Output the listing below verbatim, without images.

*Collected material*
#####

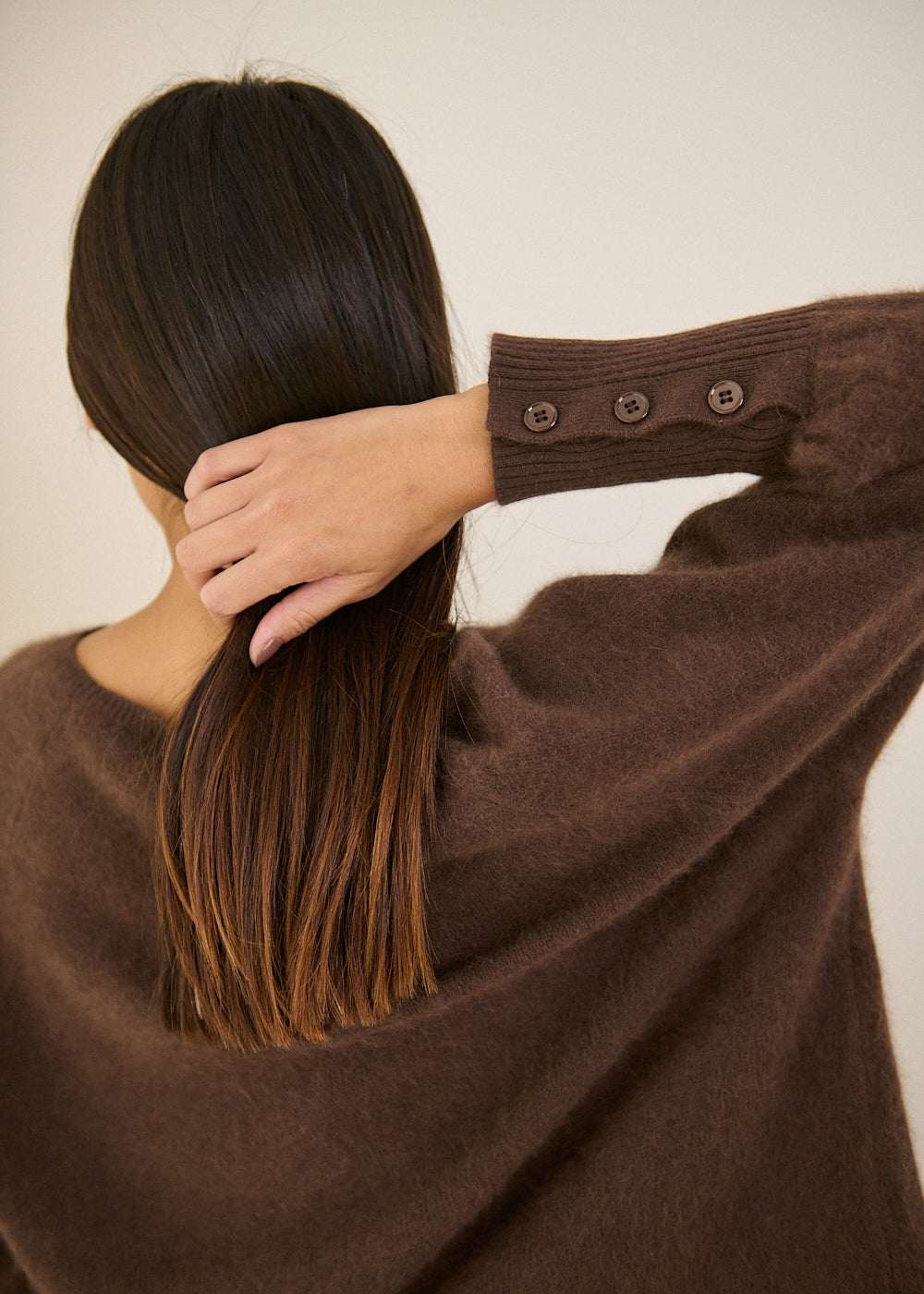 Le pull en cachemire Vera 22BBSW25 allie douceur, élégance et confort. Avec sa coupe légèrement ample et ses manches longues resserrées aux poignets, il crée une silhouette fluide et féminine. Son col rond classique met en valeur le port de tête, tandis que le détail des boutons aux poignets apporte une touche raffinée et subtilement travaillée. Dans un brun profond et chaleureux, il s’associe aussi bien à un jean qu’à un pantalon plus habillé. Une pièce essentielle du vestiaire, à la fois cosy et chic.
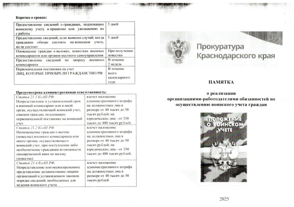 Памятка Прокуратуры Краснодарского края «О реализации организациями-работодателями обязанностей по осуществлению воинского учета граждан»
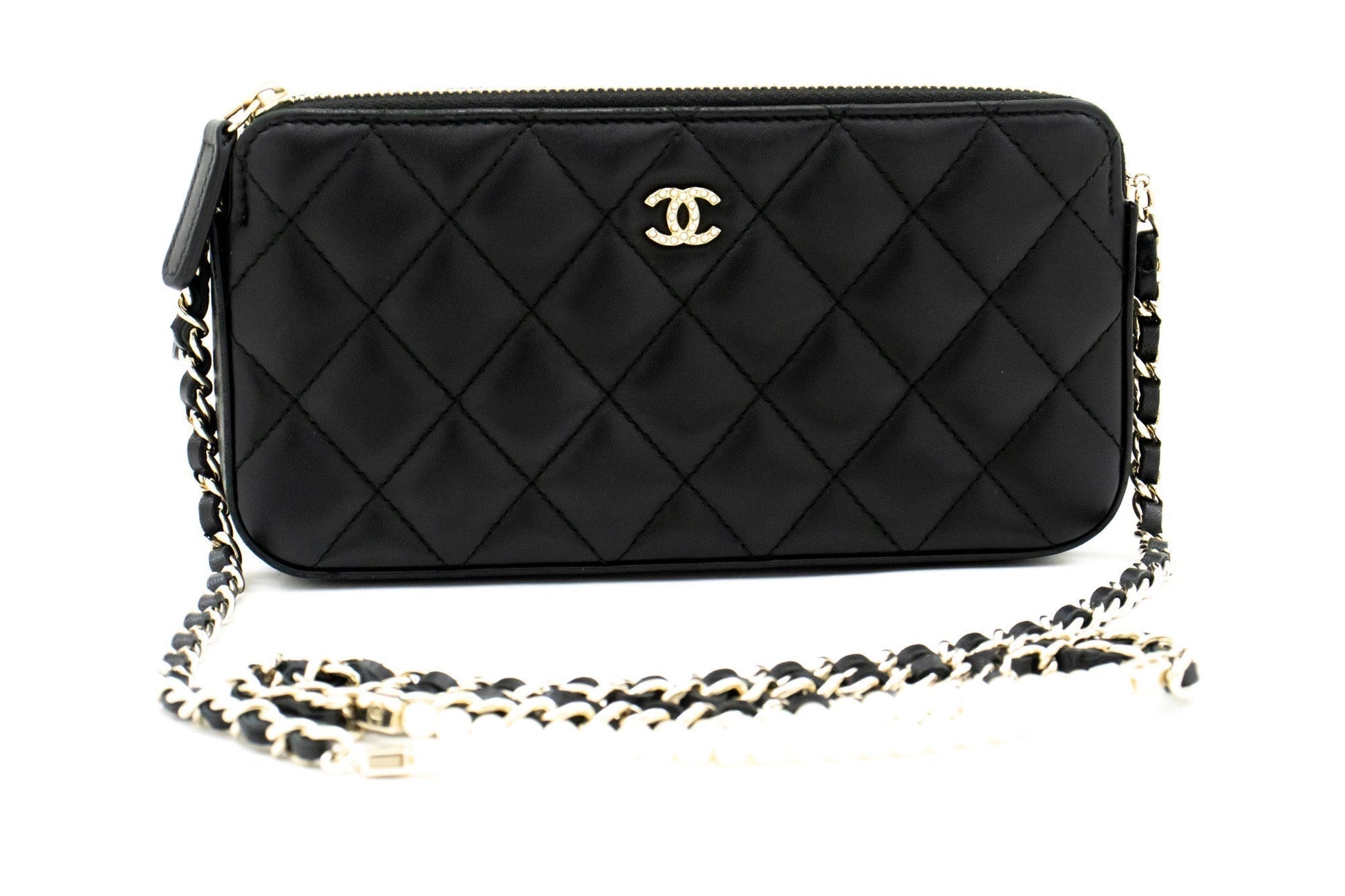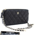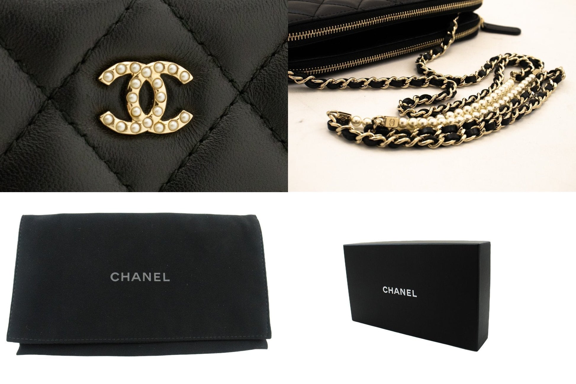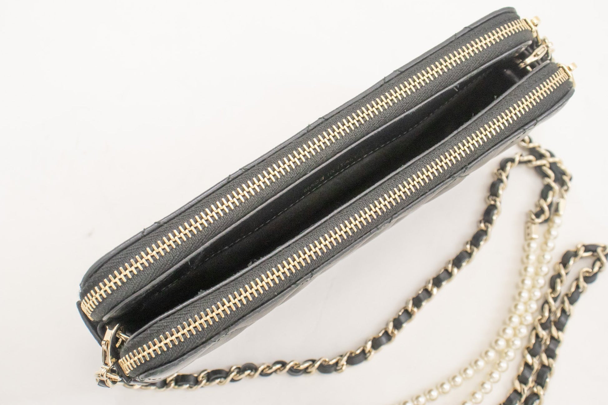 An CHANEL made of black Lambskin Pearl Wallet On Chain WOC Double Zip Chain Bag.

#####

*Answer to this problem*
 Le pull en cachemire Vera 22BBSW25 allie douceur, élégance et confort. Avec sa coupe légèrement ample et ses manches longues resserrées aux poignets, il crée une silhouette fluide et féminine. Son col rond classique met en valeur le port de tête, tandis que le détail des boutons aux poignets apporte une touche raffinée et subtilement travaillée. Dans un brun profond et chaleureux, il s’associe aussi bien à un jean qu’à un pantalon plus habillé. Une pièce essentielle du vestiaire, à la fois cosy et chic.
 Памятка Прокуратуры Краснодарского края «О реализации организациями-работодателями обязанностей по осуществлению воинского учета граждан»
 An CHANEL made of black Lambskin Pearl Wallet On Chain WOC Double Zip Chain Bag.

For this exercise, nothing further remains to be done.